Anyway, as I seethed with rage quietly at the back of the bus, thinking that this had blatantly happened because I was a woman, and what was this joker doing calling me  “darling” anyway, as though I was some sort of family pet, and I am 35 years old and a woman and I AM NOT GOING TO BE PATRONISED DAMMIT, the driver continued venting his rage at anyone who crossed his path.  An old man with a stick ( a STICK, I tell you, he was actually mobility impaired) who should “MIND THE DOORS!  Don’t get stuck in those doors.  You might DIE!”

By the time we were half a mile up the road the driver was taking on a long line of random motorists who dared cross his path (“I’VE GOT A JOB TO DO, YOU KNOW!  What am I supposed to do; PARK UP AND WAIT FOR YOU?”) and then aiming his enormous bus at them and forcing them to reverse back up the road.

Now, as I haven’t driven a car since since I failed my driving test in 2005, I’m no expert in The Rules of the Road, but I’m pretty sure he was breaking most of them.

Eventually, I got off the bus, mentally preparing myself for another tirade about how I shouldn’t have got up until the bus stopped, and I could go flying through the windscreen, you know.  Or I should have got up before the bus stopped, and I very nearly missed my stop, you know.  I wasn’t sure how to play it.  Anyway, I got off the bus, only for the driver to apologise for ranting at me, and to then say that the only reason he did it was because he is concerned about females late at night.

Late at night.  It was two O’clock in the afternoon and broad daylight.

I looked at him, deadpan.  “It’s the middle of the day.”

Ah yes, but one day I might fail to put my hand out when waiting for a bus in the middle of the night and the bus won’t stop and he once heard from a friend of a friend of a friend about someone this happened to who ended up being raped.

“Right,” I replied.  “I am an adult.  I am capable of looking after myself.  And if you are so concerned about females alone at night, why don’t you tell men not to go around raping them?”

The two elderly women who were about to get on the bus and who had only heard the tail end of that conversation looked utterly aghast.

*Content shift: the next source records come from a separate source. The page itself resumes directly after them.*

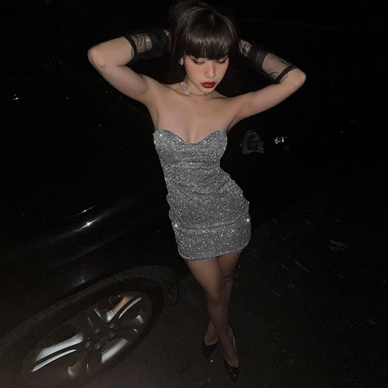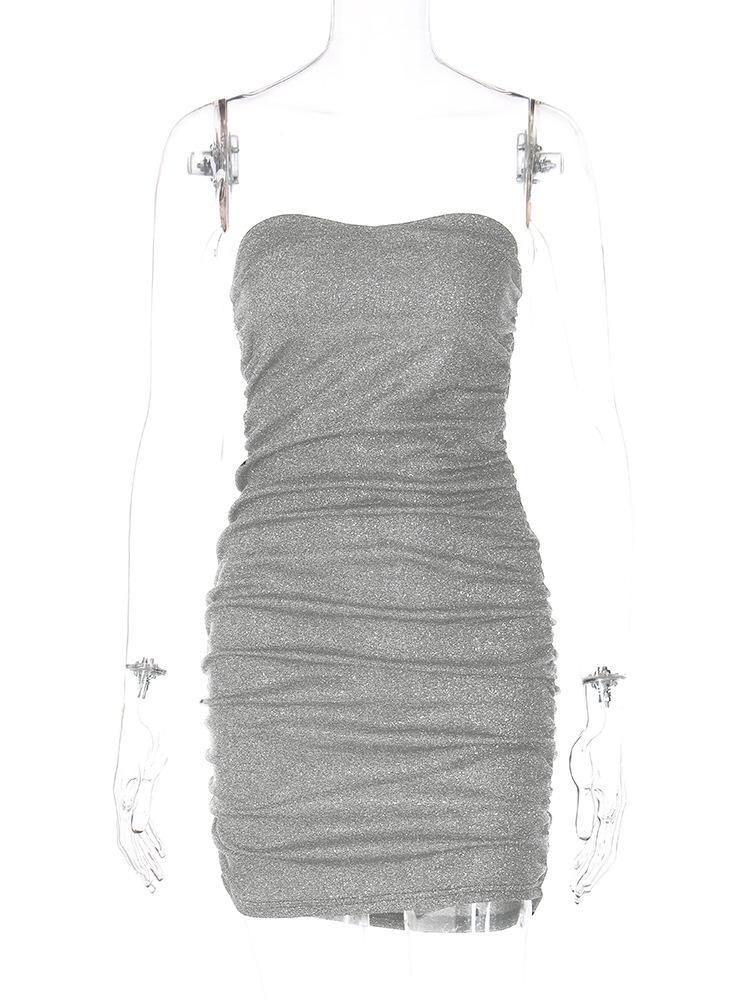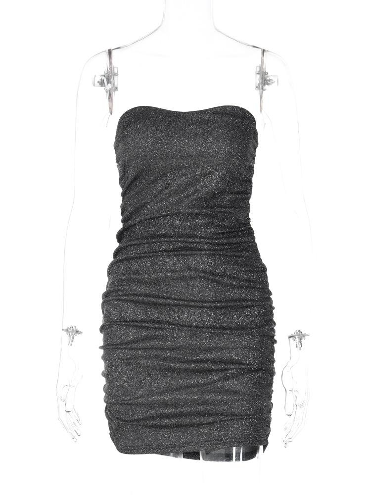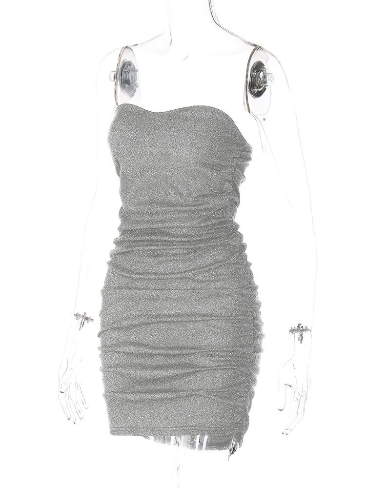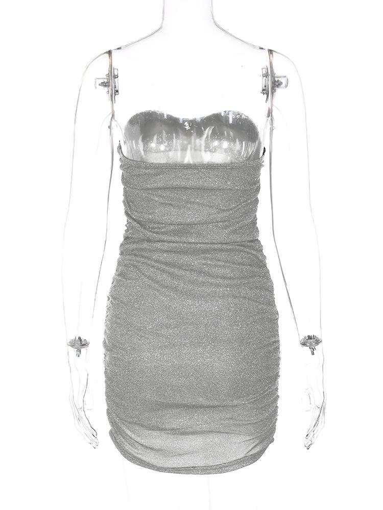 Vestido de estilo europeo y americano para mujer, nueva moda de primavera 2023, sexy, con cuello en V, sin tirantes, sin espalda, con pliegues, al por mayor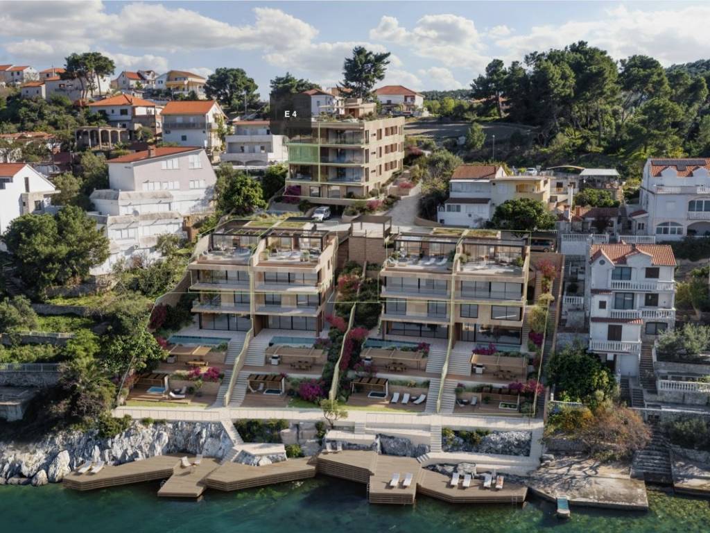 A unique apartment with a spacious balcony in the second row to the sea is offered in an excellent location in Okrug Donji. Located in the immediate vicinity of the sea, with a beautiful view and direct access to the sea, oriented to the northeast, it fits perfectly into the Mediterranean environment. The apartment is located in a residential building with a total of seven apartments, and access is provided from the south. The apartment is not only part of a luxury apartment complex, but a comprehensively designed space for living, rest and relaxation.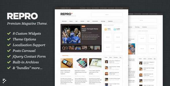 Repro is the Premium WordPress News / Magazine theme. Jam packed with custom options, custom widgets and a dollop of good looks. Repro is suitable for content producers at all levels, personal bloggers, newspapers, online magazines, community blogs you get the idea. Repro looks great out of the box but also acts as the perfect black canvas for those looking to customise and develop their own content-focused site.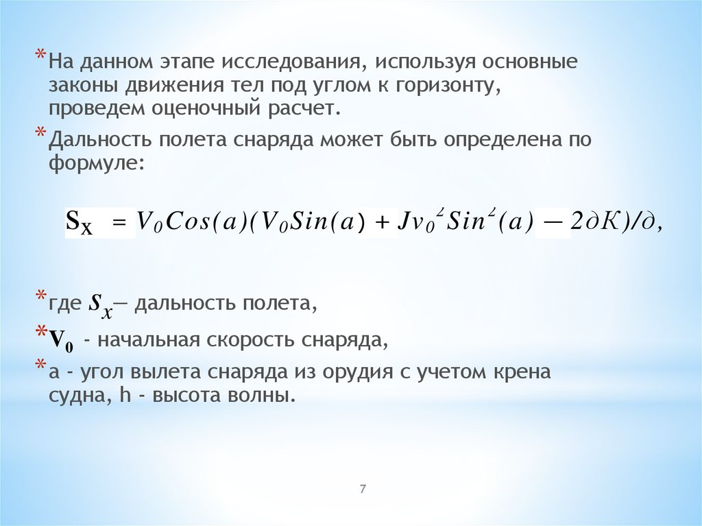 * На данном этапе исследования, используя основныезаконы движения тел под углом к горизонту,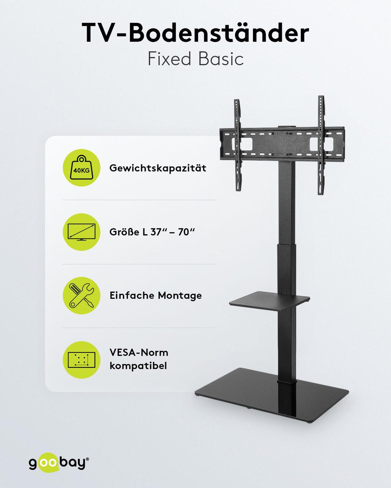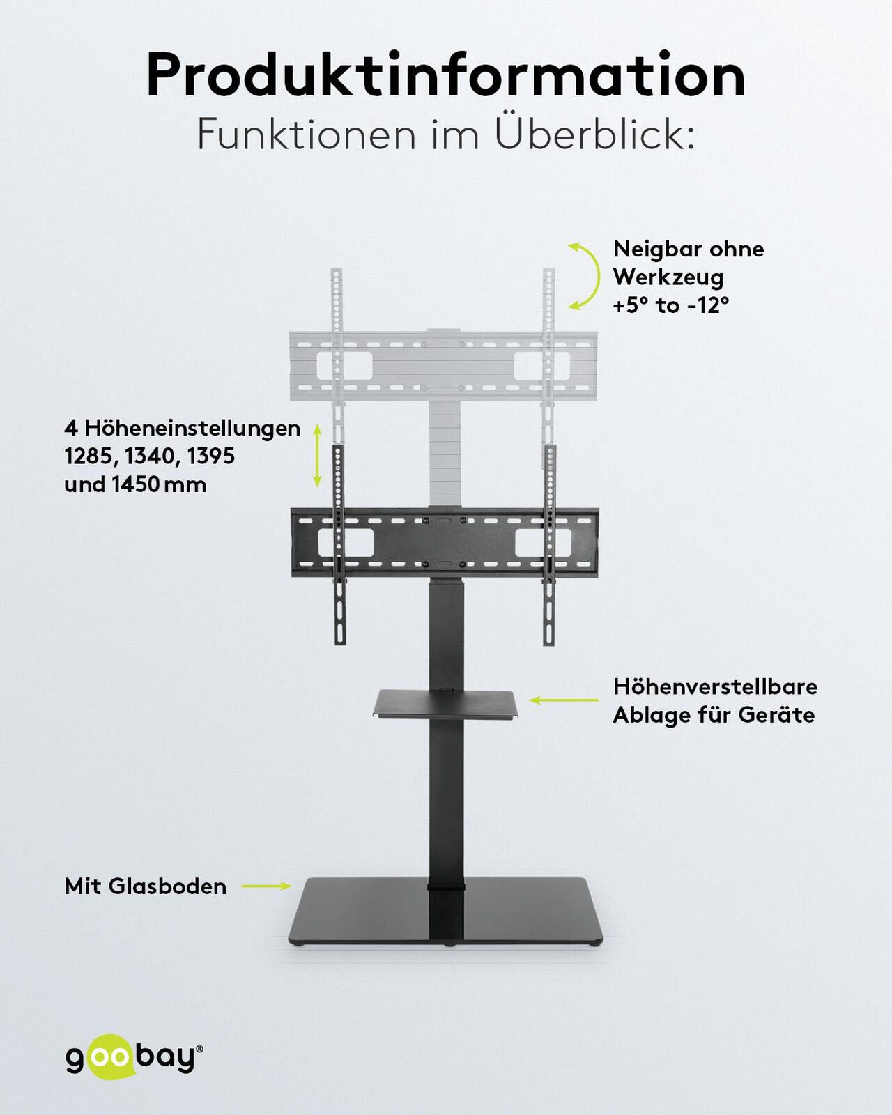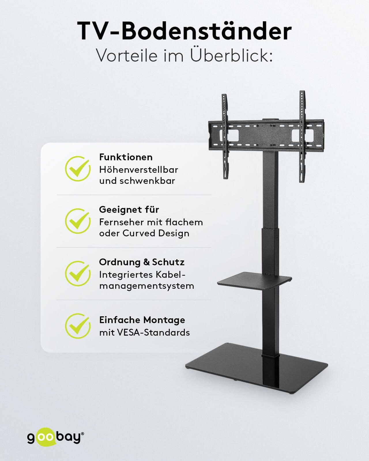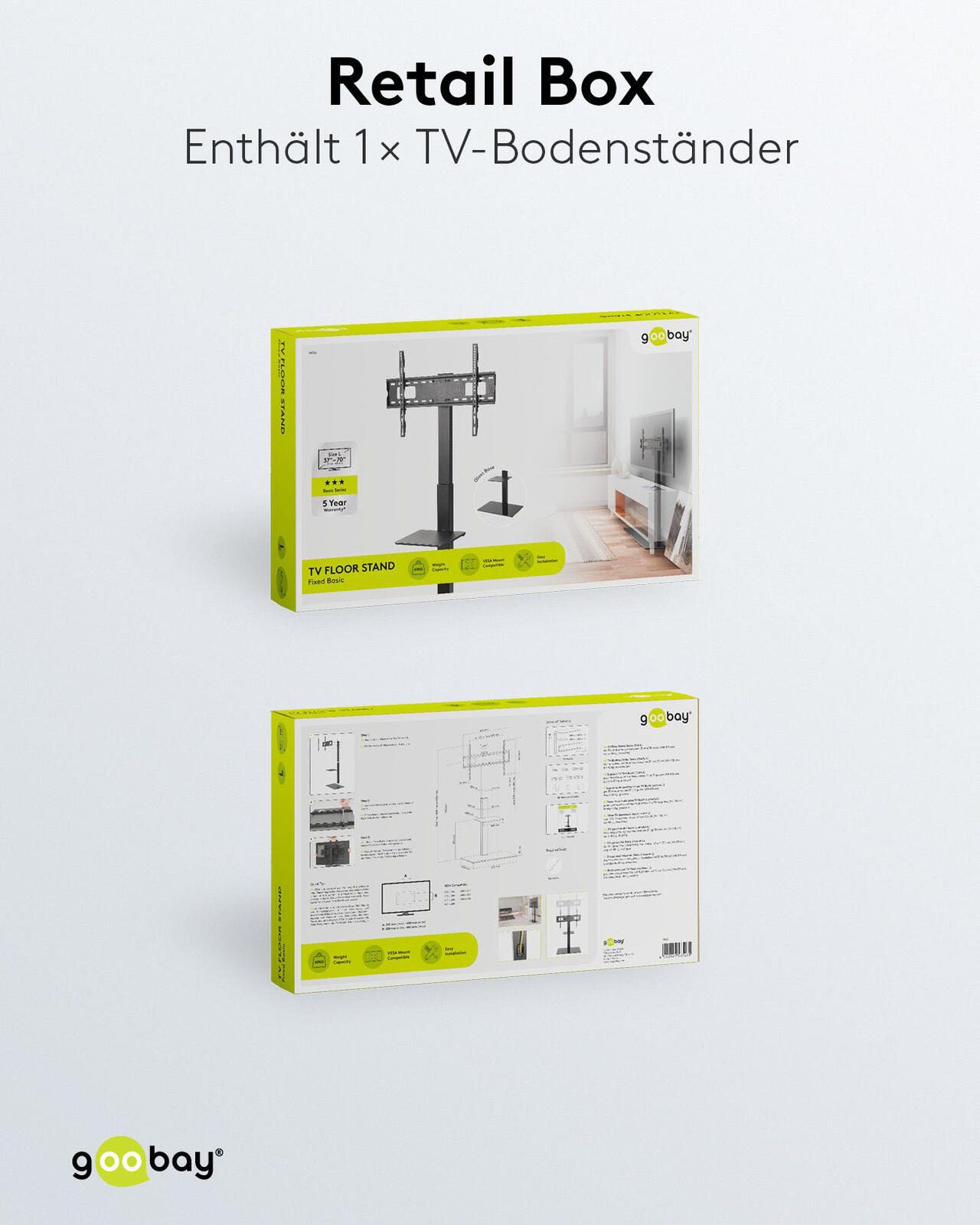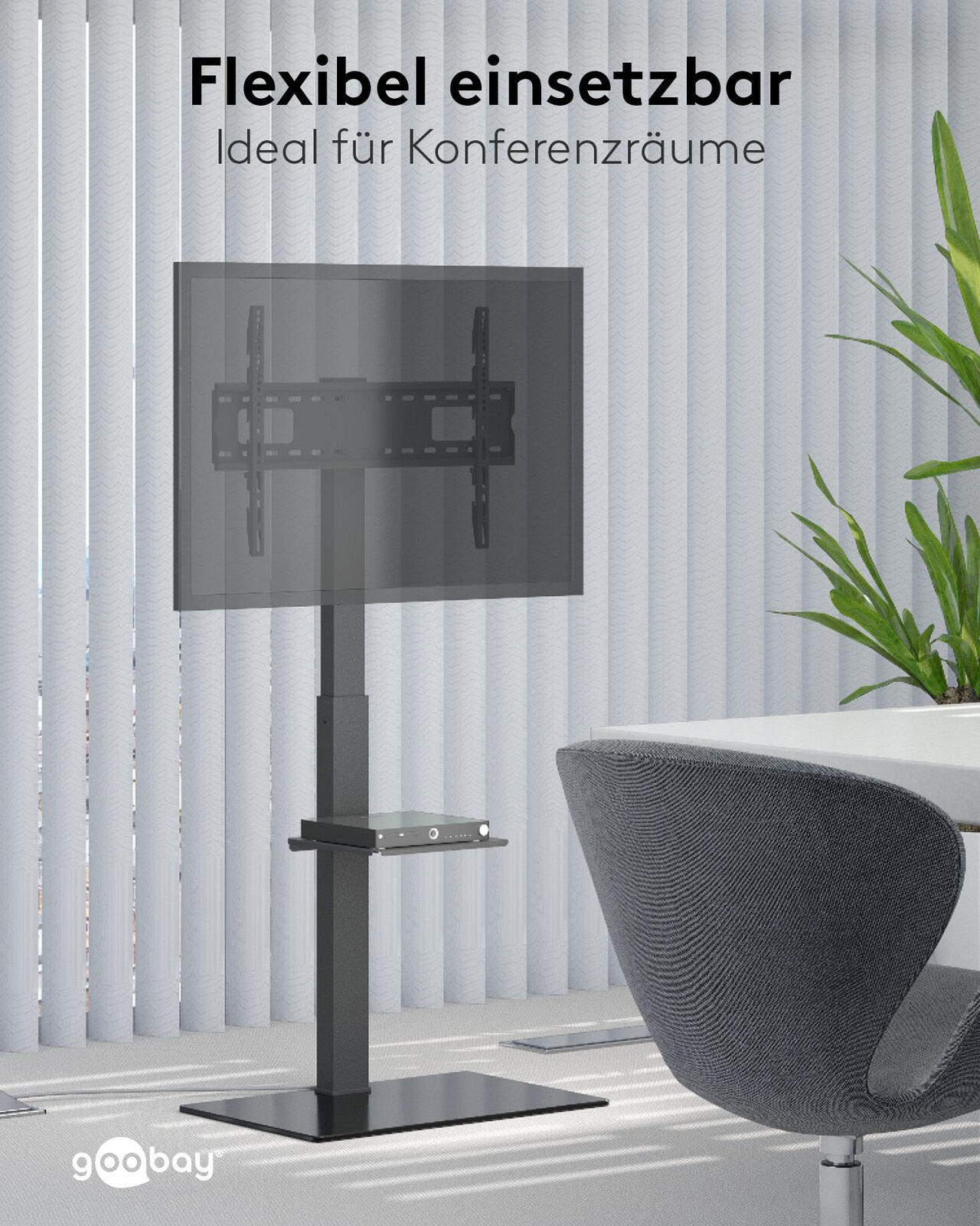 Ob im Wohnzimmer, im Schlafzimmer oder im Medienraum, dieser TV-Ständer bietet Ihnen die Flexibilität, den Fernseher an den gewünschten Ort zu stellen, ohne Kompromisse bei der Sicherheit eingehen zu müssen. Vertrauen Sie auf die Qualität von goobay und genießen Sie ein aufgeräumtes und stilvolles Zuhause mit dem TV-Ständer Basic in Größe L.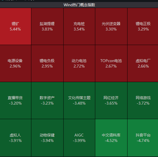 充电桩、虚拟电厂、磷酸铁锂和固态电池等板块领涨。AI概念股全线走低,动漫、影视、知识产权和传媒等板块领跌。新华网跌停,中文在线、唐德影视和值得买均跌超12%,平冶信息、当虹科技和汉仪股份等多股跌超8%。

I walked home feeling almost as angry as the bus driver.  Not quite, as I didn’t want to end up in an early grave due to the sheer exhaustion of being so angry all the time, but why is it that it is my responsibility (and that of all women) to avoid being raped?  I grew up being told by friends, family and everyone in between that I should never walk home alone at night, and that certain areas, due to the mere fact that they were dark and had few buildings, were basically no-go areas at night, just because I was female and MIGHT GET RAPED.  Where were the reminders to all the men that they shouldn’t be doing the raping?

NOWHERE.

Now I’m not advocating getting roaring drunk and going stumbling about alone forgetting all semblance of common sense, but I think that is important advice for members of both sexes, no? And, more importantly, lack of common sense is not an invitation or excuse to rape.

So, Angry Bus Driver, I will be ignoring your advice about waiting for buses (shock, horror) in the hours of darkness, but I will be teaching my son that it is HIS responsibility not to go around raping people (I hope that we will not reach a point where I actually have to spell this out to him in very literal terms, as hopefully basic respect for all people will follow naturally from the upbringing I give him, right people?  This will be OK, right?)

I will put my hand out next time though.  Just in case it’s Angry Bus Driver again.

37 Comments Add yours

  1. I nodded so much reading this post that I thought my head would fall off! Oh my god, this is SO spot on – next time I see someone saying something like that, I am pointing them in the direction of this post!
    #KCACOLS

    1. Min says:

      Thank you. I have been getting militant recently. Today I actually challenged a religious nut in the centre of town who was claiming that secular societies end up killing babies. I am on a roll!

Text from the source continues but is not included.